/wgrep

Like grep(1) but for web sites.

Primary LanguageGoApache License 2.0Apache-2.0

Latest release License Go version

like grep but for web sites

wgrep (world wide web grep) search for patterns in a web site directory hierarchy over HTTP, through hypertext references.

By default, it searches for patterns inside paragraphs.

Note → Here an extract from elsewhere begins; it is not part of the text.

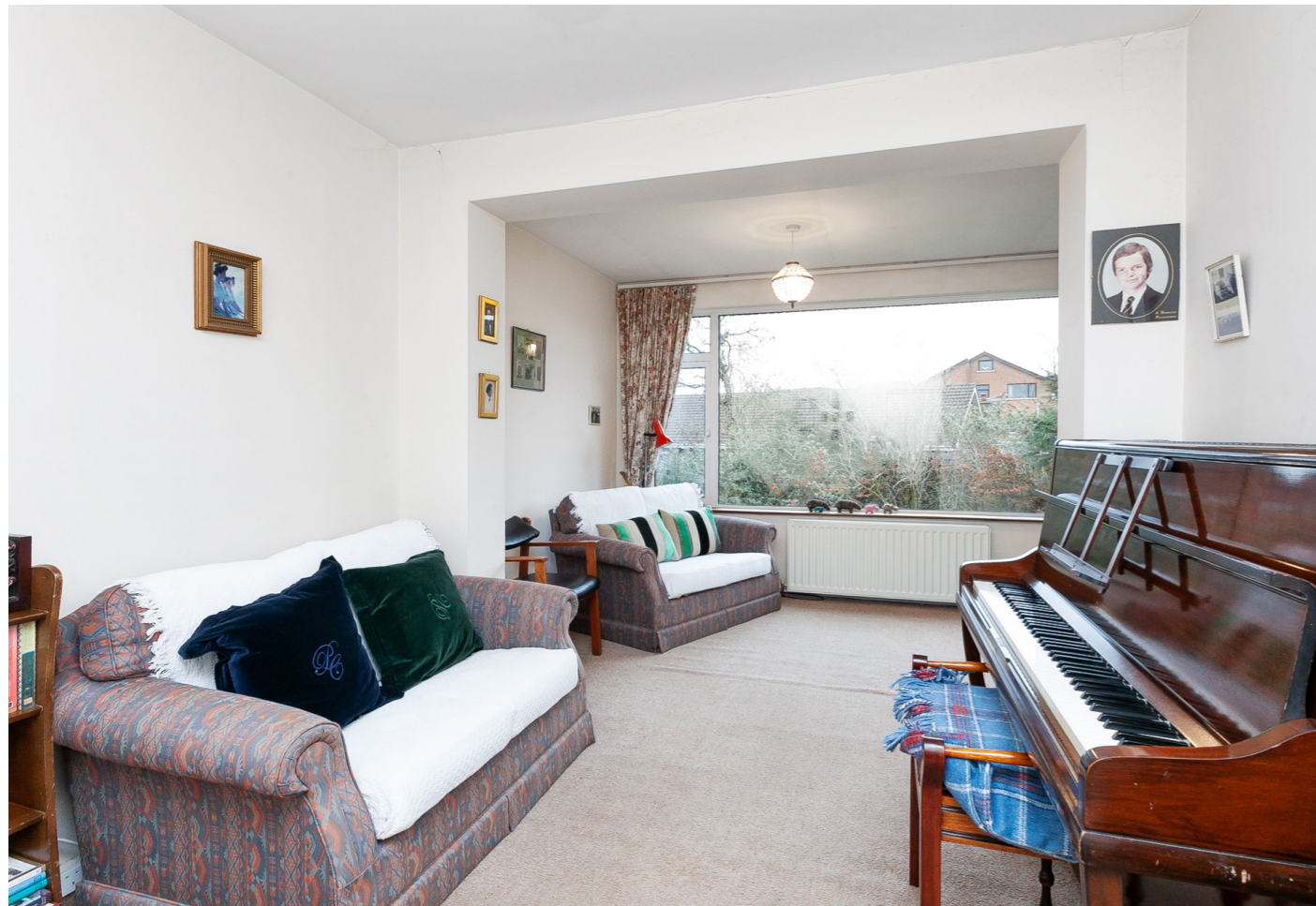
Living room open to Sitting room

The tool is inspired by GNU grep(1) and wget(1).

Usage

wgrep PATTERN URL [flags]

For details please read the CLI documentation.

Recursive search

wgrep --recursive|-r PATTERN URL

Case insensitive patterns

wgrep --ignore-case|-i PATTERN URL

Include specific locations only

While referenced locations that have a host name different from the one specified in the URL argument are skipped by default, it's possible to include only locations of which HTTP path follows a specific pattern.

Similarly to how grep allows with the --include flag to include specific locations in the search, it's possible to filter the pages by URL when recursively look for a pattern. The include location filter pattern supports regular expressions in the Go flavor.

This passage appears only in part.